▸ Exercise aim: Omit the pictures, then reproduce exactly the line bearing "職場体験の発表をしています。" and every line after it up to and including the last line of the entries below.

Stored data entries
⟨

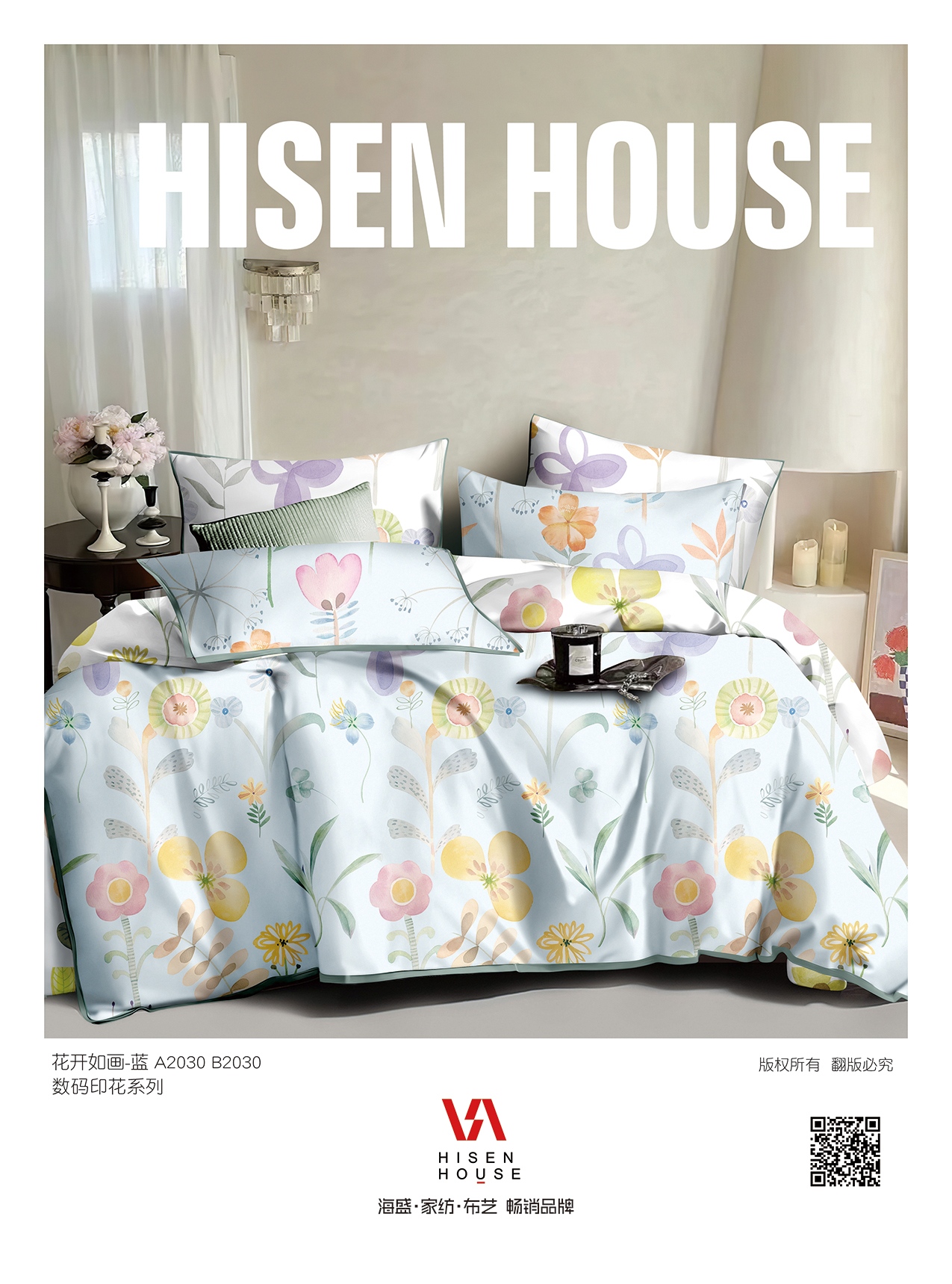 海盛 2025新款套件面料全棉13376数码印花系列 花开如画-蓝
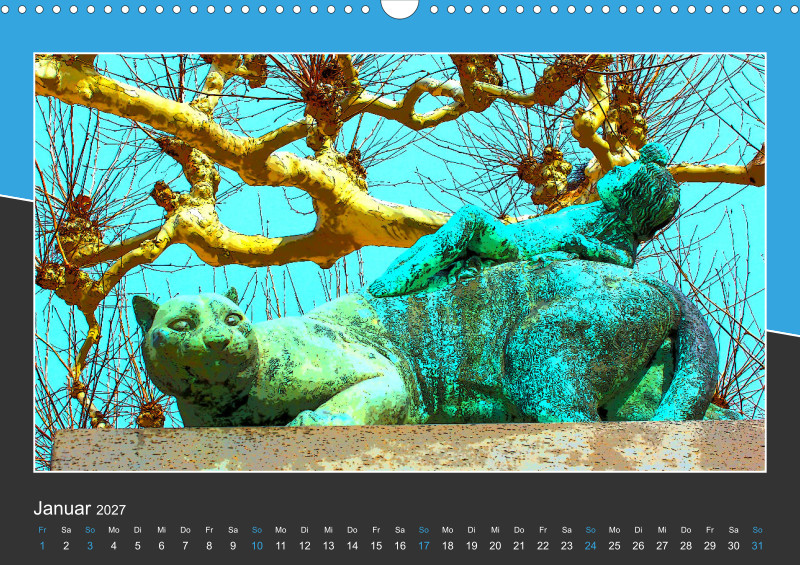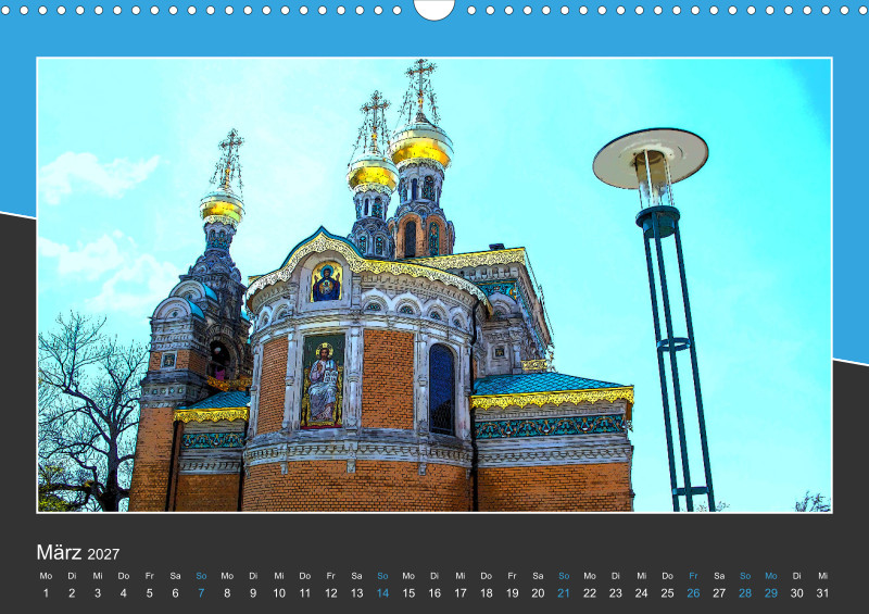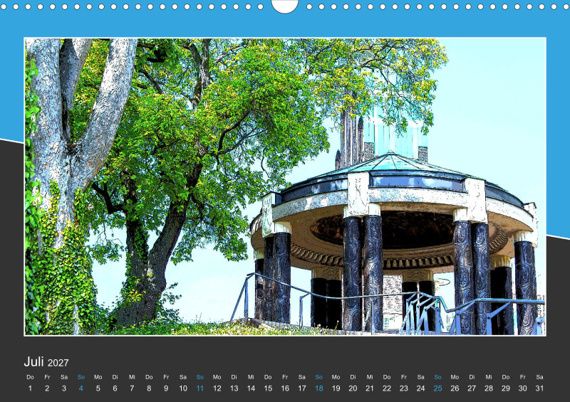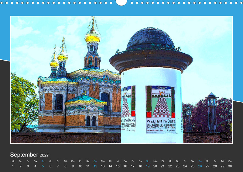 Kulturell hat die Stadt Darmstadt viel zu bieten. Der Park der Orangerie vermittelt im Sommer ein südliches Flair. Das Jugendstil-Ensemble „Mathildenhöhe Darmstadt“ bestehend aus Skulpturen, Gärten, mit Platanenhain, außergewöhnlicher Architektur und vielfältiger Kunst erinnert an interessante Zeiten. Im Park der Rosenhöhe findet man das Rosarium, ein Teehaus und Mausoleen. Dies ist ein kleiner Einblick in die Geschichte der Wissenschaftsstadt. Dieser Kalender ist für Kulturbegeisterte, Interessenten für Kunst und Geschichte, Jugendstilfreunde, Fans von Natur und Gartenkunst bestens geeignet.
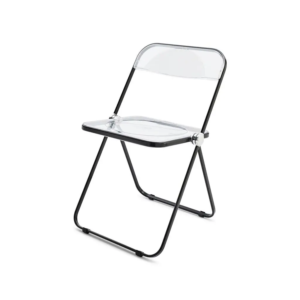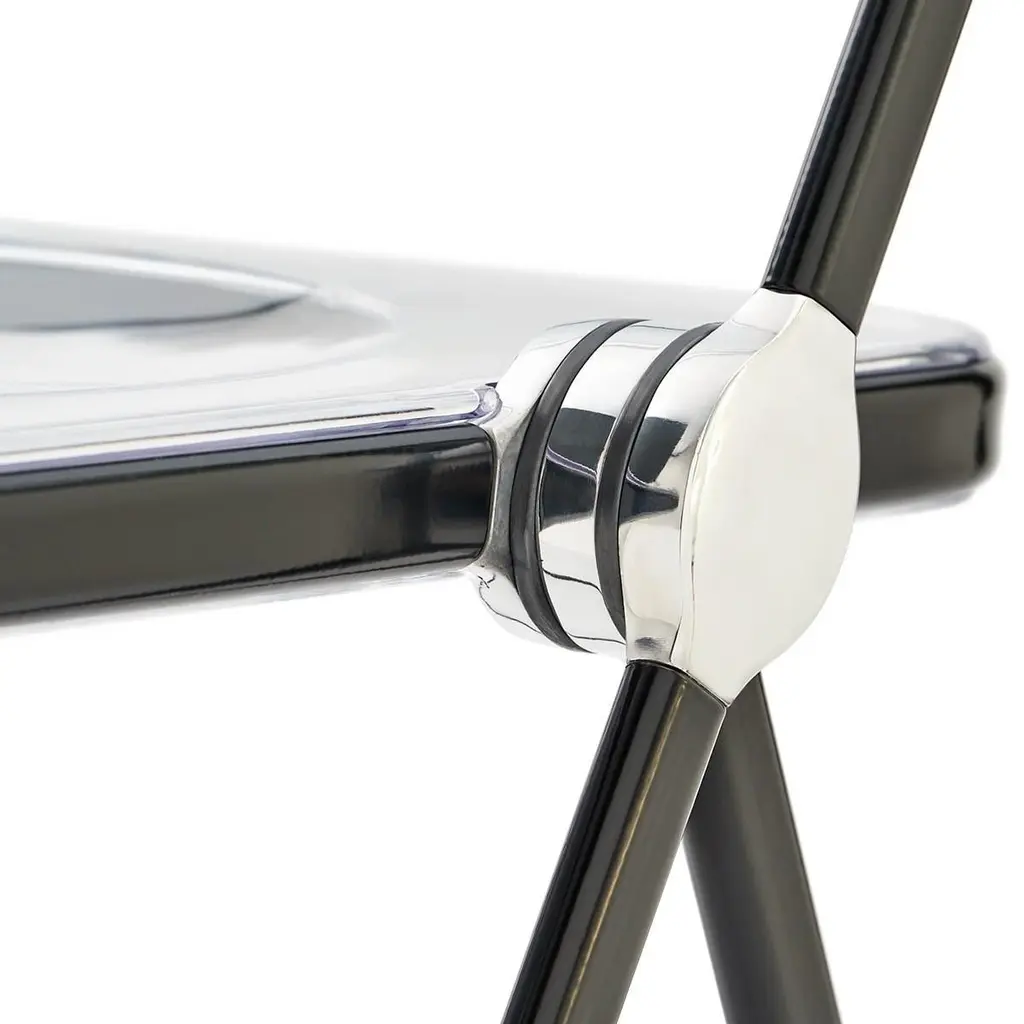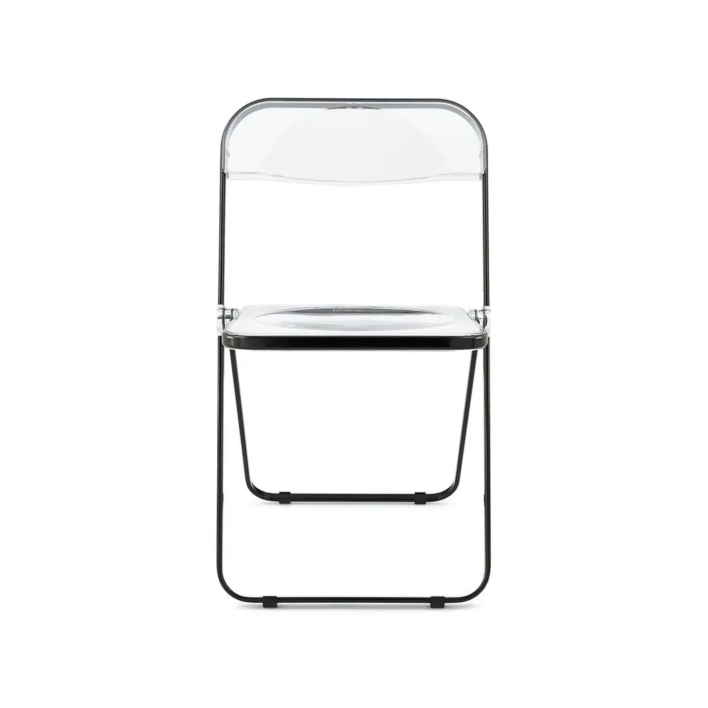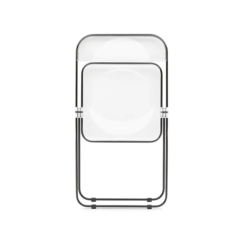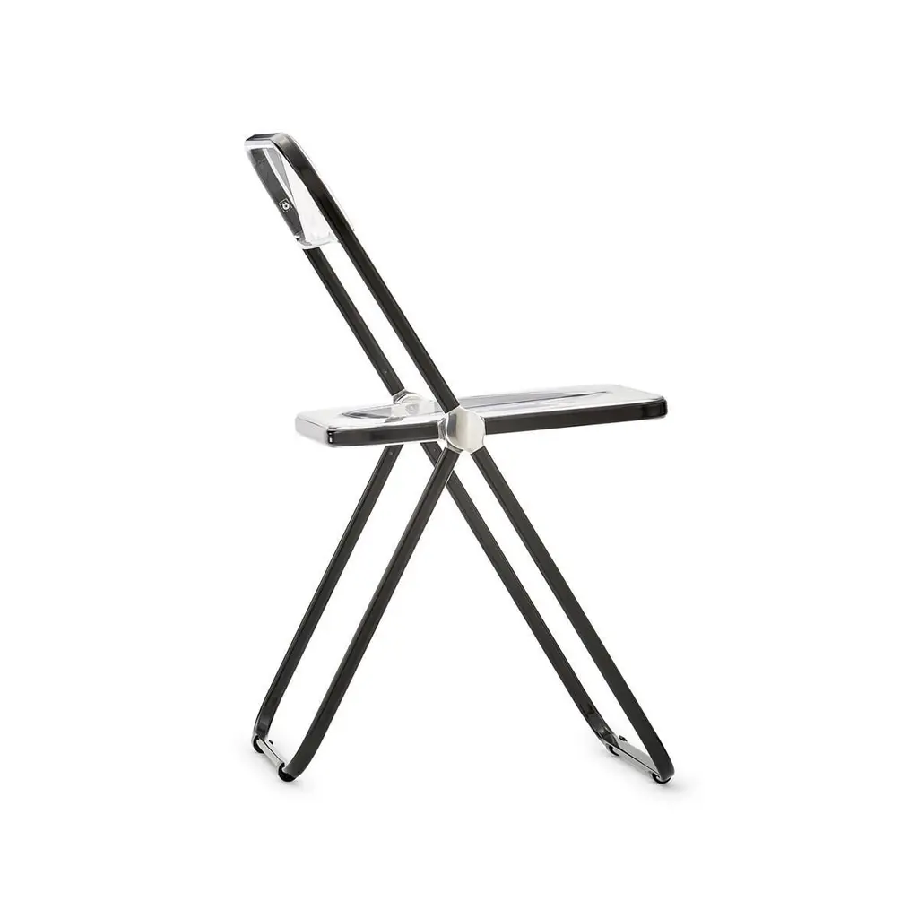 Original and signed set of 8 "Plia" clear lucite with black frame folding chairs. This fantastic set was designed by Giancarlo Piretti for Castelli in 1967. These folding chairs are made of clear lucite with a black frame and are in perfect conditions (NOS), with no flaws and come with their original box. The "Plia" folding chair is a true design classic as it has won several awards and is also part of the MoMA collection. The "Plia" chair has a fantastic folding mechanism which allows the chair to be folded very flat so that it can be stored easily. Each chair in this set is signed and engraved with the manufacturer's mark.A multipurpose and iconic set that will be perfect for a modern or minimal project. Giancarlo Piretti was born in Bologna in 1940.He attended the Bologna State Institute of Art, where he obtained the title of Design Teacher. In 1960 he attended the Academy of Fine Arts in Bologna. Subsequently, for seven years, he was lecturer in Industrial Design at the State Art Institute of Bologna. In the same period, for 12 years, he worked as an interior designer for Anonima Castelli, designing their lines of furniture for the home, office and community, for which he registered numerous industrial and mechanical invention patents. His best-known projects include PLIA, a folding chair, PLATONE, a folding table, DSC (106-AXIS), a seating system for community and institutional spaces, and SISTEMA 61, a modular sofa system. Giancarlo Piretti participates in numerous Italian design competitions, obtaining prizes and special mentions. In 1971 he received the SMAU award and the BIO 5 Distinction at the Ljubljana biennial, Slovenia for Plia. In 1973 he was awarded, as always for PLIA, the GUTE FORM mention by the Chamber of Commerce of the Federal Republic of Germany, and a special mention by the British Government. In 1971 PLANO won the IBD gold medal (USA). For the VERTEBRA seating system: in 1977 he was awarded, together with Emilio Ambasz, the gold medal of BD (USA), the SMAU prize in 1979 and the Compasso d'Oro (Italy) in 1981. As always jointly with Ambasz, in 1980 he was awarded the "National Industrial Design Award" (USA) for LOGOTEC, a lighting system. In 1975 Giancarlo Piretti was appointed member of the Scientific-Didactic Committee of the Higher Institute for Artistic Industries of Florence. His work is often published in numerous international journals.
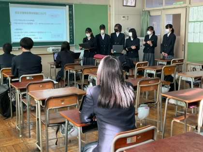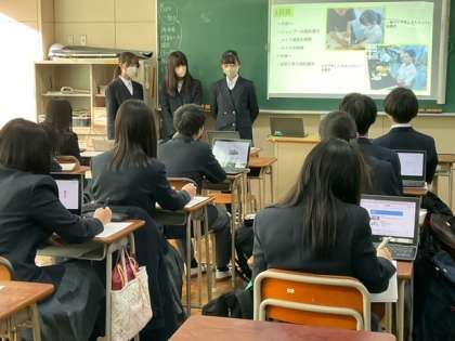 職場体験の発表をしています。
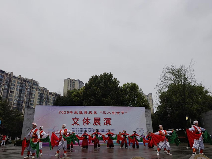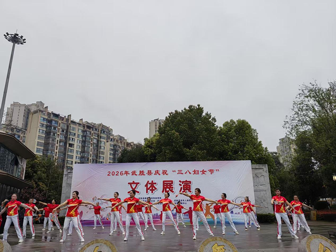 3 月 7 日,武胜县老年人体育运动协会和武胜县妇女联合会联合在县人民广场举办庆祝三八国际妇女节文体展演活动,120 名展演人员登台献艺,为广大妇女群众送上节日祝福,助推全国全民健身模范县创建。
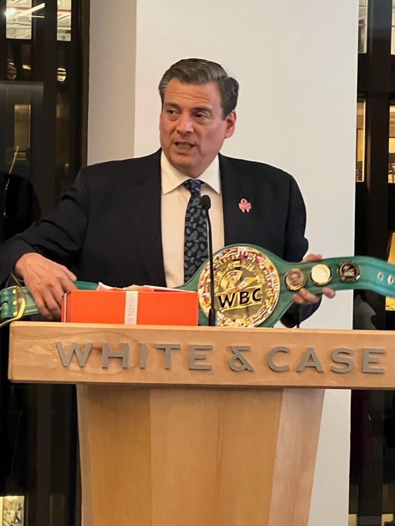 Durante la celebración del XV aniversario de Qualitas for Life, celebrado el día de ayer en las oficinas del corporativo White and Case en Nueva York, Marcela Orvañanos, presidenta de esta fundación, reconoció al mexicano por la labor altruista que el máximo organismo del boxeo a nivel mundial realiza en apoyo de la comunidad de hispana. En próximos meses el WBC y Qualitas brindarán un curso de finanzas personales dirigido exclusivamente a boxeadores y managers de habla hispana para apoyarlos en este importante rubro de su carrera.

⟩

▸ Task solution:
 職場体験の発表をしています。
 3 月 7 日,武胜县老年人体育运动协会和武胜县妇女联合会联合在县人民广场举办庆祝三八国际妇女节文体展演活动,120 名展演人员登台献艺,为广大妇女群众送上节日祝福,助推全国全民健身模范县创建。
 Durante la celebración del XV aniversario de Qualitas for Life, celebrado el día de ayer en las oficinas del corporativo White and Case en Nueva York, Marcela Orvañanos, presidenta de esta fundación, reconoció al mexicano por la labor altruista que el máximo organismo del boxeo a nivel mundial realiza en apoyo de la comunidad de hispana. En próximos meses el WBC y Qualitas brindarán un curso de finanzas personales dirigido exclusivamente a boxeadores y managers de habla hispana para apoyarlos en este importante rubro de su carrera.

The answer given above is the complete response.